A leggere il libro, si è trattato di qualcosa di simile a una prigione, e neppure dorata: costretta a un estenuante programma di esibizioni, a una dieta ferrea, e con uno stipendio di 2.000 dollari a settimana, a fronte dei milioni incassati con le sue performance. Britney ha detto di aver cercato diverse volte una via d’uscita, ma di non aver trovato alcun aiuto da parte dei familiari e neppure dai consulenti legali, molti dei quali venivano pagati profumatamente dal padre. Fino al timore che l’unica via d’uscita prevista per lei dai familiari fosse una morte redditizia (per loro, ovviamente). Difficile non vedere, oggi, una certa amara ironia in singoli di successo stratosferico di quel periodo come Work, Bitch.
La nascita di #FreeBritney
Il colpo di scena è arrivato solo nel 2019, quando la Spears è stata ricoverata nuovamente in una struttura psichiatrica. In quel momento molti fan sulle piattaforme social si sono chiesti se fosse stata davvero una sua scelta: nel giro di pochi giorni è nato l’hashtag #FreeBritney, che giocherà un ruolo cruciale nel portare Britney verso la fine della tutela legale, arrivata nel 2021. Nelle università americane (la Northwestern di Chicago, per la precisione), qualcuno si è preso la briga di studiare il modo in cui contro-narrazioni come #FreeBritney nascono sul web, provando quello che intuitivamente sapevamo già: queste storie influenzano anche i media tradizionali e possono diventare narrazione mainstream, se sono sostenibili. Non sempre, insomma, quello che nasce su internet è folle o falso. Nel caso di Britney Spears, un mucchio di commenti social è servito prima a ribaltare l’idea che la star fosse “fuori controllo, fuori di testa”, poi a cambiare le parole più frequentemente a lei associate nel discorso pubblico, infine a fare pressione su familiari e legali affinché accettassero la fine della tutela. Britney Spears è la prova vivente che quello che spesso si racconta riguardo al tempo in cui viviamo è vero: il mondo virtuale può diventare reale molto più velocemente di quello che pensiamo.
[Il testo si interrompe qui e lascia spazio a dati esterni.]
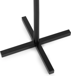 Grâce à la base en croix, le porte-manteau conserve une stabilité suffisante même à charge maximale. Sous la base se trouvent de petits pieds qui protègent et stabilisent le porte-manteau (ils peuvent être dévissés). Ils protègent le sol des rayures et permettent de corriger facilement tout déséquilibre en ajustant les pieds.
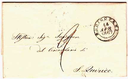 di Posta, e di arrivo S.QUIRICO 15 APR 1847.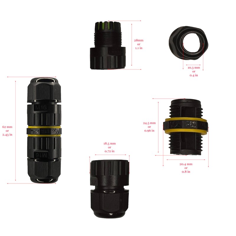 - 【Durable】Waterproof wire connectors made of high quality PA66 nylon, well design and durable in quality. Weatherproof, Moisture-proof, Dust-proof, Waterproof, Explosion-proof, Resist gravity, Anti-UV.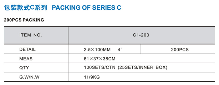 Home Products NYLON CABLE TIES SERIES PACKING OF SERIES C PACKING OF SERIES Cb200PCS PACKING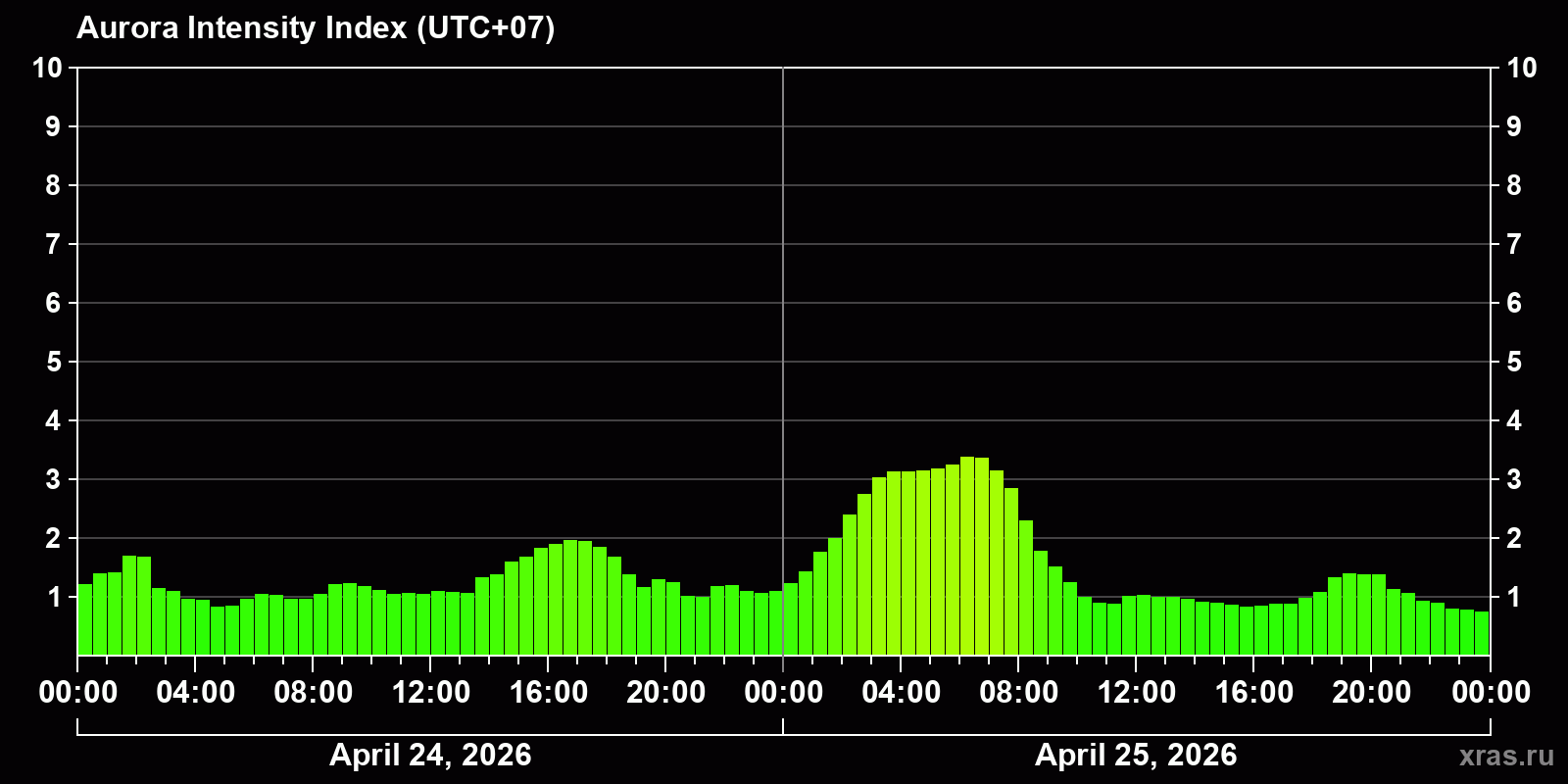 Auroral intensity index and the theoretically possible latitude of observations for nighttime in the Estern Hemisphere as of 2026-04-25 23:53 (end of day) local time

Britney Spears, la popstar liberata da internet? Forse è una lettura eccessiva. Tuttavia, la stessa Britney ha scritto che il movimento social è stato fondamentale per la risoluzione dei problemi legali con suo padre, e che quindi è profondamente grata a ogni fan che abbia partecipato.
E quindi, eccoci ancora al punto: una carriera sfavillante, una storia capace di catturare l’attenzione del pubblico attraverso i decenni, e perfino un caso di scuola. Tre indizi fanno una prova: Britney Spears è un’icona pop del ventunesimo secolo. Anche se, magari, da domani in poi non sentiremo più parlare di lei. Però domani: oggi (o meglio, il prossimo 15 febbraio) arriva su Netflix Crossroads, il suo debutto cinematografico del 2002, perduto e non disponibile in video da tempo. I fan sono già in attesa.